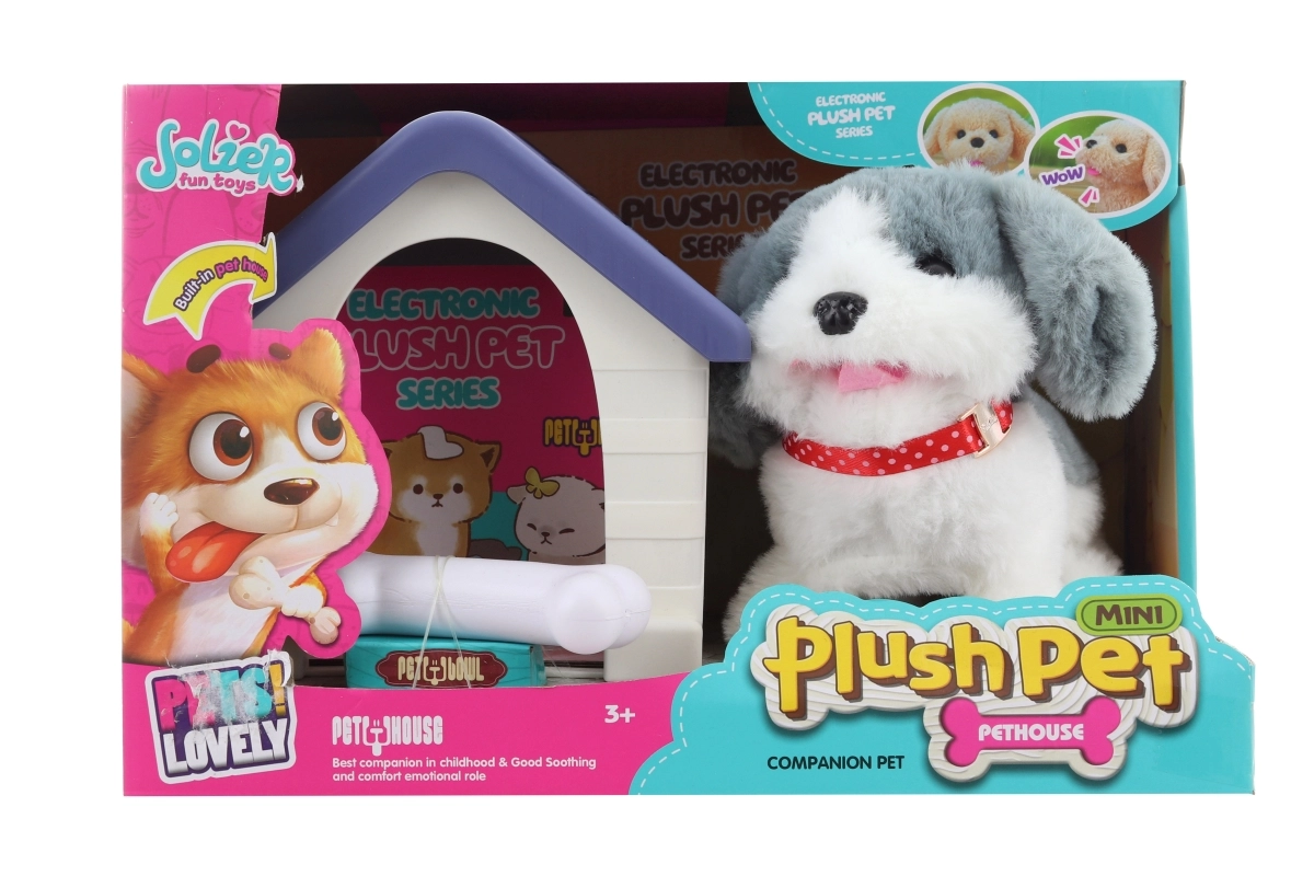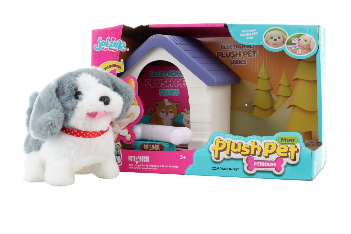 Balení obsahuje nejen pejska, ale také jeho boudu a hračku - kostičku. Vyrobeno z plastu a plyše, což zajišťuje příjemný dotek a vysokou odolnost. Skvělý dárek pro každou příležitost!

__________

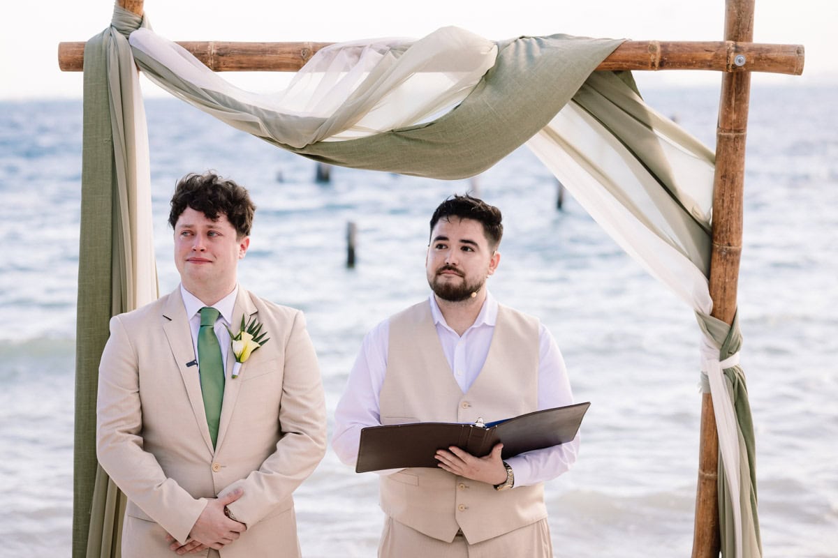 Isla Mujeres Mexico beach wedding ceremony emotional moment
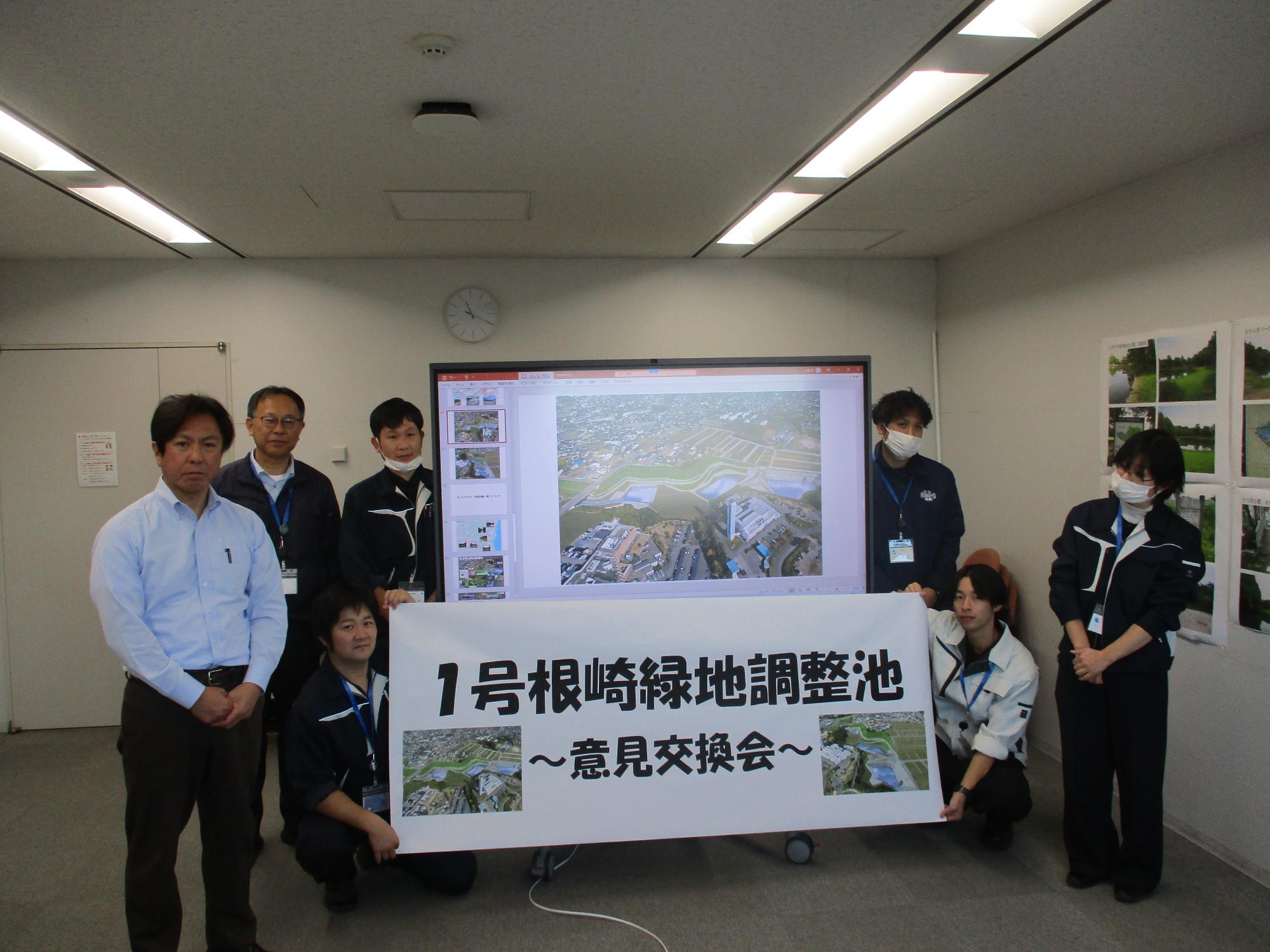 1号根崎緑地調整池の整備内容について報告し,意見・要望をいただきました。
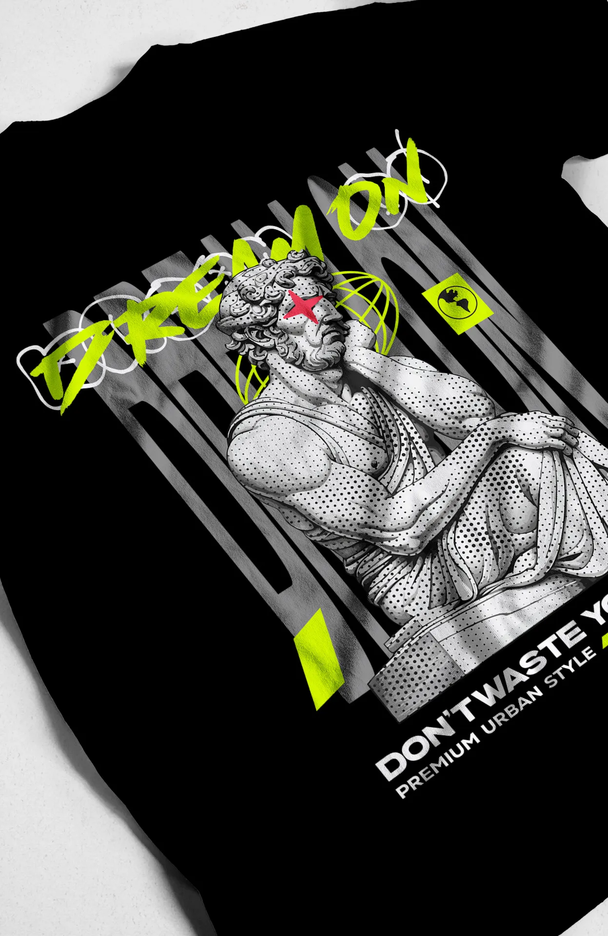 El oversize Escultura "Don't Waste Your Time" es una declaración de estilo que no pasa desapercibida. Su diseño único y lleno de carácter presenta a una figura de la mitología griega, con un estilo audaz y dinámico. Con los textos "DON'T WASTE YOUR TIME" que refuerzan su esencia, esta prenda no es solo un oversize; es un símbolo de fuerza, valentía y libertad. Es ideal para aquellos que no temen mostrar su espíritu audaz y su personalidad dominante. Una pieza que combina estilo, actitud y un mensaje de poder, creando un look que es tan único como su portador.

__________

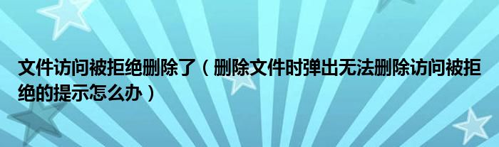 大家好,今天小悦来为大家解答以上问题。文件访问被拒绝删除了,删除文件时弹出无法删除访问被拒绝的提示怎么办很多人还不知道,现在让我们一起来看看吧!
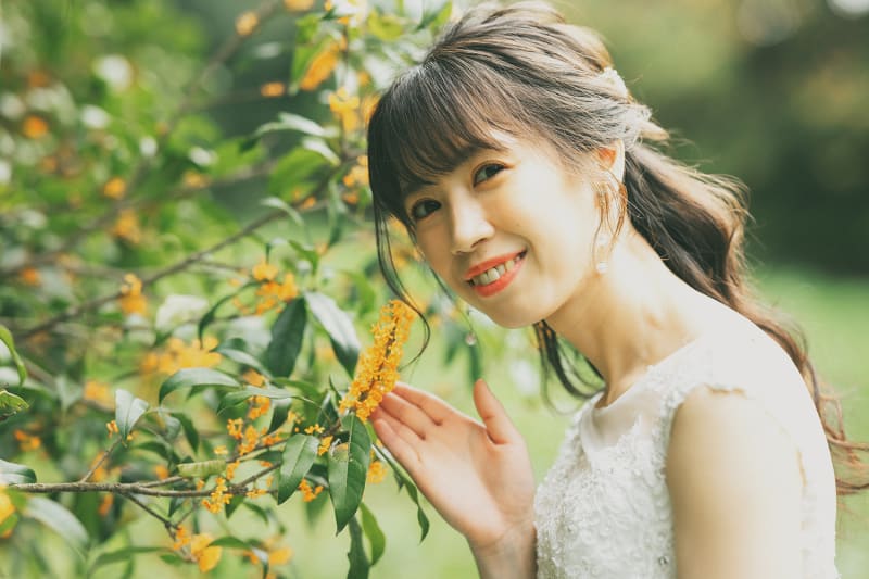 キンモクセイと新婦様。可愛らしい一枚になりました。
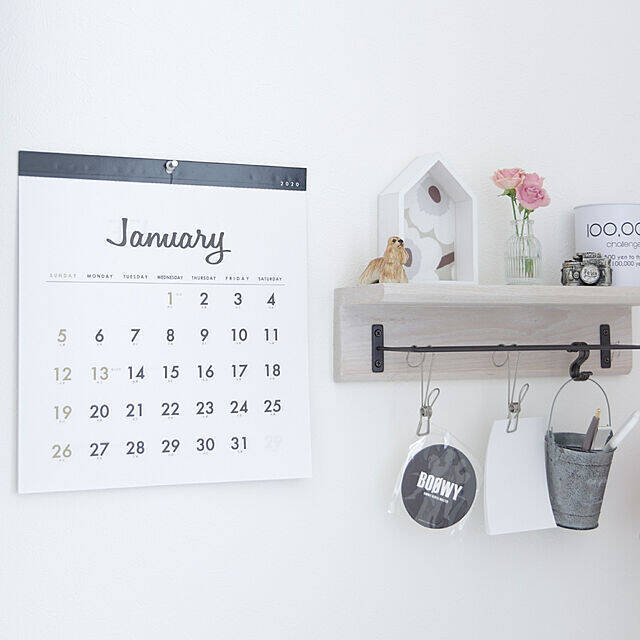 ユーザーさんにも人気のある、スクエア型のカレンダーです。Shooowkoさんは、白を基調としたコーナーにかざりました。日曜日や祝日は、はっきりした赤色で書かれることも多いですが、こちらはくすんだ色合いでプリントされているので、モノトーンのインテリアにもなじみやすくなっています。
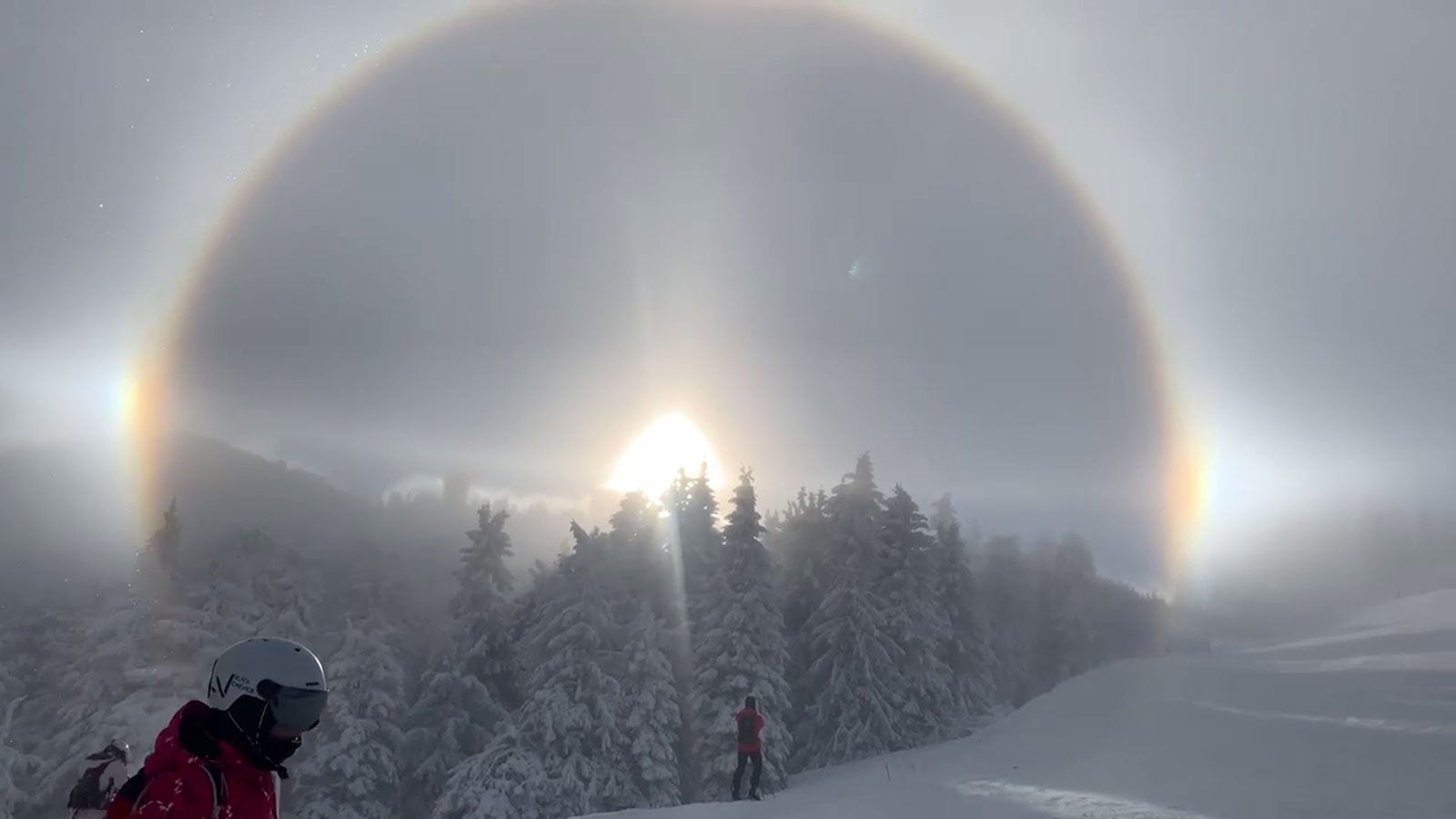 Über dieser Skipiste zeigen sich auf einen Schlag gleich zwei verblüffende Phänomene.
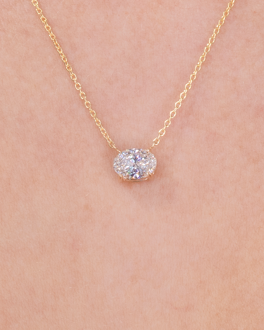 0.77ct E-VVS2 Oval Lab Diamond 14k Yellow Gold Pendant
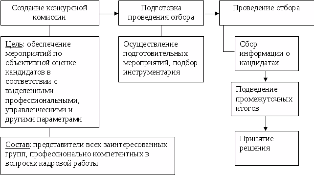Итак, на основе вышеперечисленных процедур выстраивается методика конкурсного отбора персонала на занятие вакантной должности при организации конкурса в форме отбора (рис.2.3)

__________

▶ **Goal of the exercise**: Your answer should be the lines above, word for word, from the line with "キンモクセイと新婦様。可愛らしい一枚になりました。" through the line with "0.77ct E-VVS2 Oval", minus the pictures.

▶ **Response to this exercise**:
 キンモクセイと新婦様。可愛らしい一枚になりました。
 ユーザーさんにも人気のある、スクエア型のカレンダーです。Shooowkoさんは、白を基調としたコーナーにかざりました。日曜日や祝日は、はっきりした赤色で書かれることも多いですが、こちらはくすんだ色合いでプリントされているので、モノトーンのインテリアにもなじみやすくなっています。
 Über dieser Skipiste zeigen sich auf einen Schlag gleich zwei verblüffende Phänomene.
 0.77ct E-VVS2 Oval Lab Diamond 14k Yellow Gold Pendant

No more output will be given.